Agent answered: "11."

Wrong. The correct answer is 8 (15 / 3 = 5, each friend gets 5, Xiao Ming keeps 0, 0 + 8 = 8). But the Agent saw "15" and "3", computed 15 - 3 - 1 = 11, completely misunderstanding the question.

This exposed a fundamental LLM problem—it "skips steps," giving answers directly rather than actually reasoning. For multi-step problems, this step-skipping easily leads to errors.

A week later, we added one line to the prompt: "Please solve step by step." Same question, Agent started answering like this:

Step 1: Xiao Ming has 15 apples, splits among 3 friends
Step 2: Each gets 15 ÷ 3 = 5 apples
Step 3: After splitting, Xiao Ming has 15 - 15 = 0 apples left
Step 4: Buys 8 more, now has 0 + 8 = 8 apples
Answer: 8 apples

On our test set, accuracy improved by about 40%. (Note: this is the result from a specific scenario; actual effects vary by task type and model. We recommend testing on your own evaluation set.)

This is the value of Chain-of-Thought—making LLMs externalize their reasoning process, computing step by step rather than guessing answers by "intuition."

LLM's Default Behavior

LLMs' default behavior is "say it all at once"—you ask one thing, they generate an entire paragraph.

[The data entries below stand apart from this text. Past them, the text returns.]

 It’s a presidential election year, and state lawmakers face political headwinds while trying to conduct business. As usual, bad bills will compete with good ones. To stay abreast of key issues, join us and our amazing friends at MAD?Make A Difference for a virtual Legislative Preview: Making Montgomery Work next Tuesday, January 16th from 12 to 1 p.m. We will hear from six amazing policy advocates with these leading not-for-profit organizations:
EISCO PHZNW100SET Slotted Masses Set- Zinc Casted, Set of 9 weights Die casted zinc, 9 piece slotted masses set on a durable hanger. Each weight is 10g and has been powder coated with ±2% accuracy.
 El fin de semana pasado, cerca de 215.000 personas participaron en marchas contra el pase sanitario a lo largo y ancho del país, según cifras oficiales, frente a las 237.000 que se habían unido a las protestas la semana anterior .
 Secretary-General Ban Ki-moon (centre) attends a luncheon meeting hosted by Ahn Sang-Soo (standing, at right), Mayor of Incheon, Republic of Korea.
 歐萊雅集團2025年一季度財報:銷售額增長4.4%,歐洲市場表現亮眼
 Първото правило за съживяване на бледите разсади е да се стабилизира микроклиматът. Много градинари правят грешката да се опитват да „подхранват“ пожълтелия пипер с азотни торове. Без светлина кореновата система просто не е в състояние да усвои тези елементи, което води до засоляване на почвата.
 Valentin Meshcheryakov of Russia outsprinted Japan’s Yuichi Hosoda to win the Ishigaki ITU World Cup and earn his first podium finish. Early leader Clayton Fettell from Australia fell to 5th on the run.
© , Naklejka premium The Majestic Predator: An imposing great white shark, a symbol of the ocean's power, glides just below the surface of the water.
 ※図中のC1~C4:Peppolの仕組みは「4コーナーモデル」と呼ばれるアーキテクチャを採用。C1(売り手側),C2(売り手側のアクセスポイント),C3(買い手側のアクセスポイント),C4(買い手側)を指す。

They don't stop to think "was what I just said correct," and they don't calculate during generation.

This causes a problem: complex reasoning easily goes wrong.

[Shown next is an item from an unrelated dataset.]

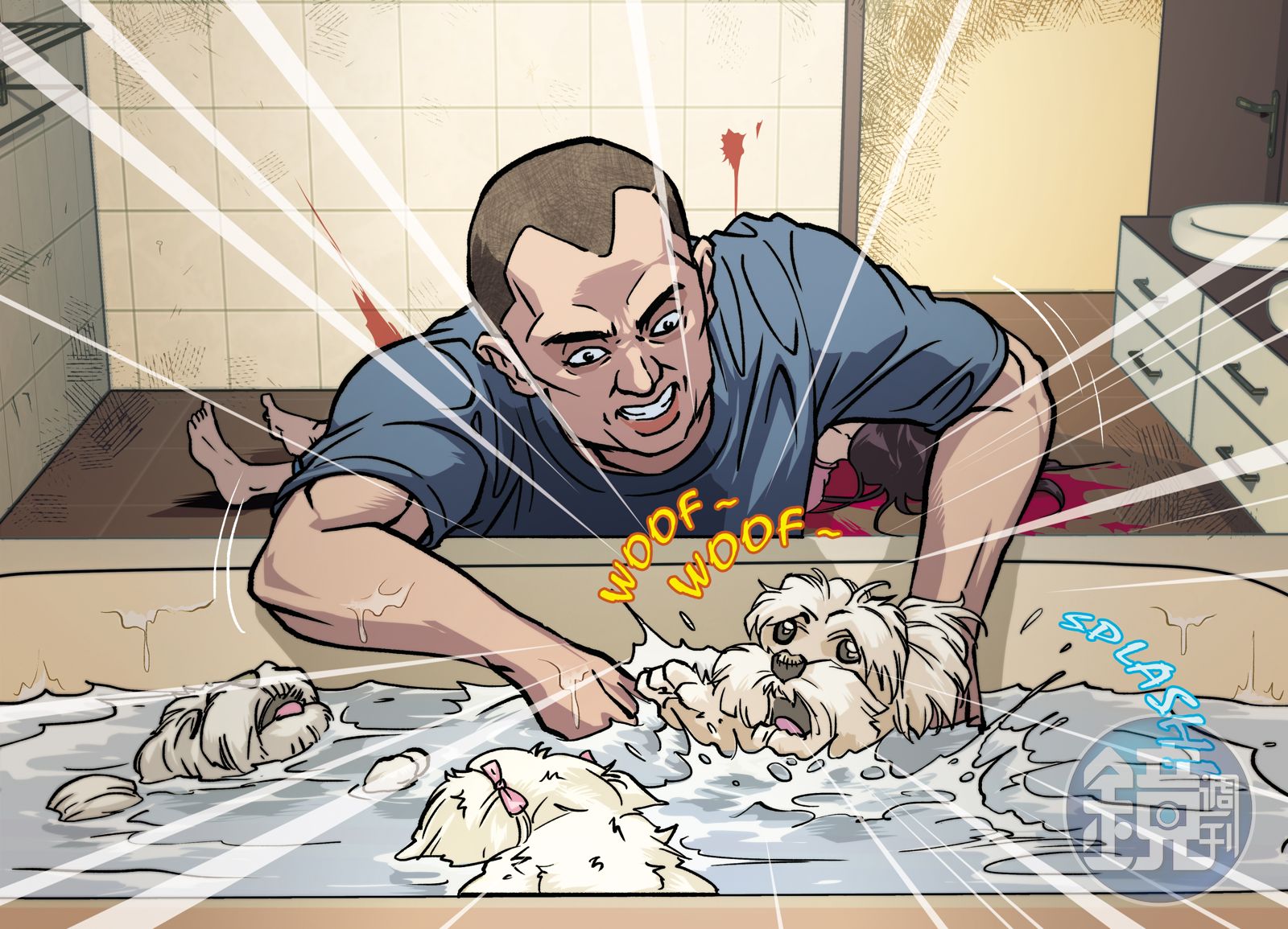3隻愛犬見主人慘死刀下,拼命狂吠,已經精神狂亂的李明哲,只感到狗叫聲吵得他腦筋快要爆炸,於是他放下刀,把浴缸放滿水,親手抓著小狗,一隻隻溺斃,再將人狗屍體硬塞進預藏的行李箱,搭車回台中住處藏屍,整個過程都被監視器錄下來,只是當時見到他的人,誰也想不到裡面裝著1人3犬屍體。
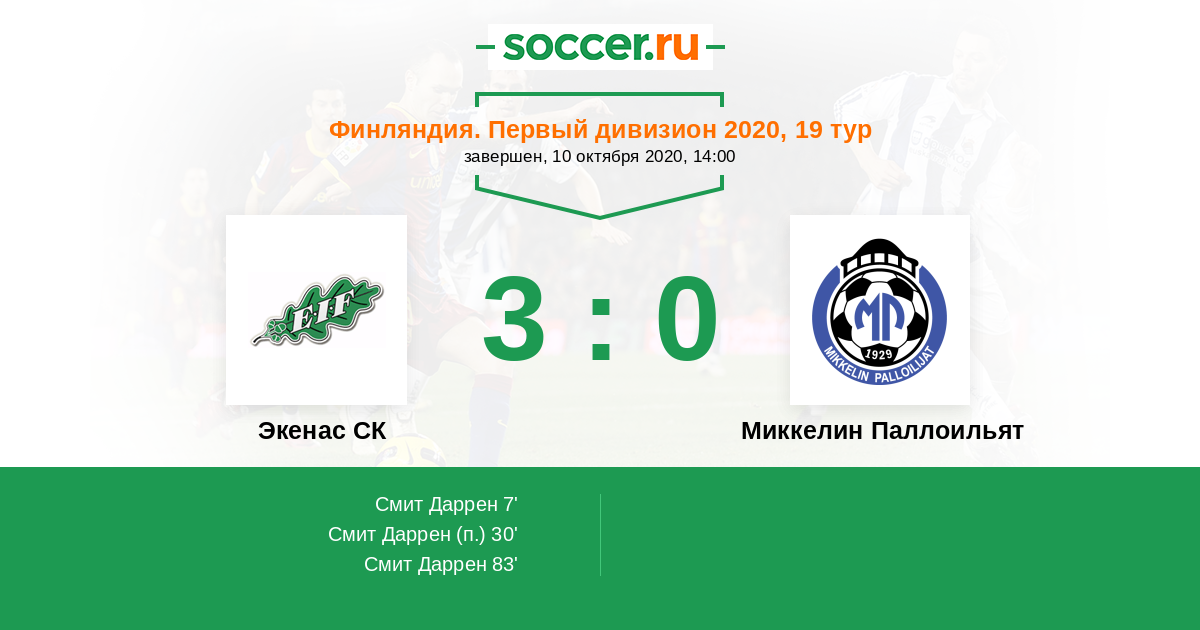 Протокол матча Экенас СК против Миккелин Паллоильят

Task Type	LLM Default Behavior	Problem
Multi-step math	Gives answer directly	Skips steps, calculates wrong
Logical reasoning	Guesses by intuition	Logic chain breaks
Causal analysis	Surface associations	Cause-effect reversed
Code debugging	Lists common causes	Doesn't actually analyze

CoT's Solution

Chain-of-Thought's core idea is simple: Make the LLM think step by step, writing out intermediate steps.

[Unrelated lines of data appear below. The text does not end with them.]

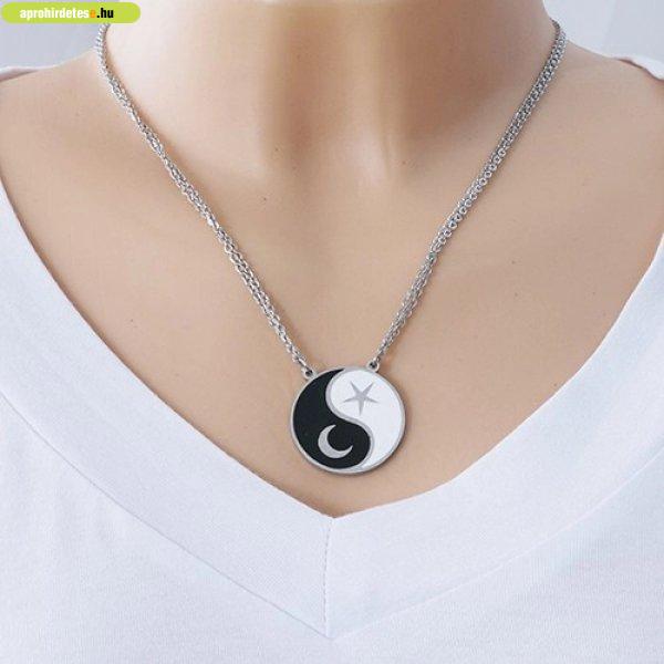 Acél nyakék, két lánc, fekete-fehér Jing és Jang szimbólum,
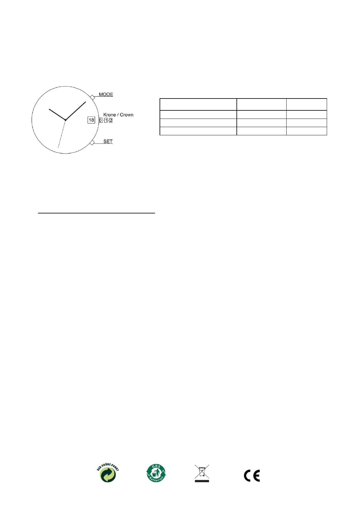 • Drücken Sie nun den Knopf SET für ca. 5 Sekunden, bis der Sekundenzeiger auf 12:00 Uhr läuft.
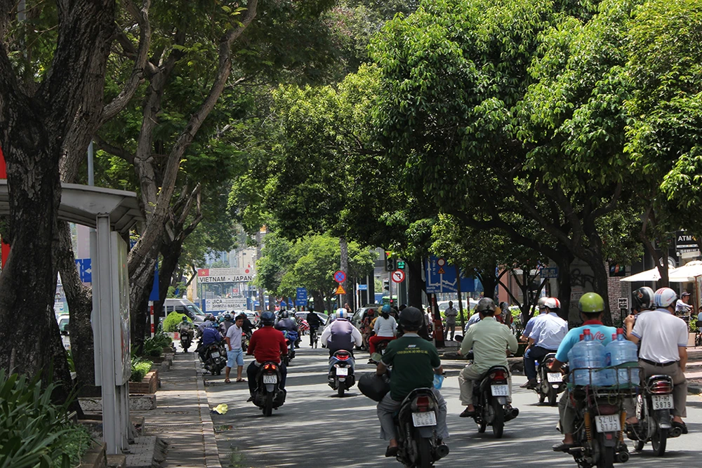 Người dân chờ đèn giao thông dưới bóng mát của hàng cây xanh.
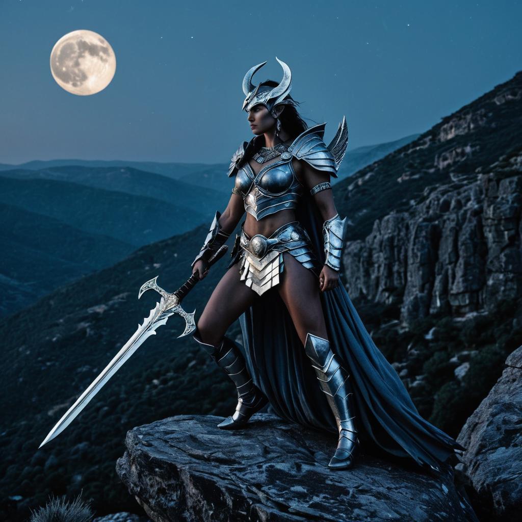 Artemis – Goddess of the hunt and the moon, portrayed as an enigmatic goddess draped in nocturnal robes blending into the shadowy nightscape with piercing predatory eyes, standing in a mist-thickened moor alive with flickering willow wisps beneath a crescent moon.

See the effect of CoT on the same problem:

Let me calculate step by step:
→ Step 1: Xiao Ming initially has 5 apples
→ Step 2: After giving 2 to Xiao Hong, 5 - 2 = 3 remaining
→ Step 3: After receiving 3 from Xiao Hua, total 3 + 3 = 6
→ Step 4: After eating 1, 6 - 1 = 5 remaining

Therefore, Xiao Ming now has 5 apples.

Got it right this time. Key difference: Explicit reasoning process forces the model to actually compute, rather than guessing by intuition.

CoT's Value

Dimension	Without CoT	With CoT
Accuracy	Pattern matching, complex reasoning error-prone	Step-by-step verification, reduces jumping errors
Explainability	Black box output, can't audit	Transparent process, every step traceable
Debug ability	Wrong but don't know where	Can pinpoint which step went wrong

But I should note: CoT isn't a cure-all. It can improve accuracy but can't guarantee correctness. Each step in step-by-step reasoning can still be wrong.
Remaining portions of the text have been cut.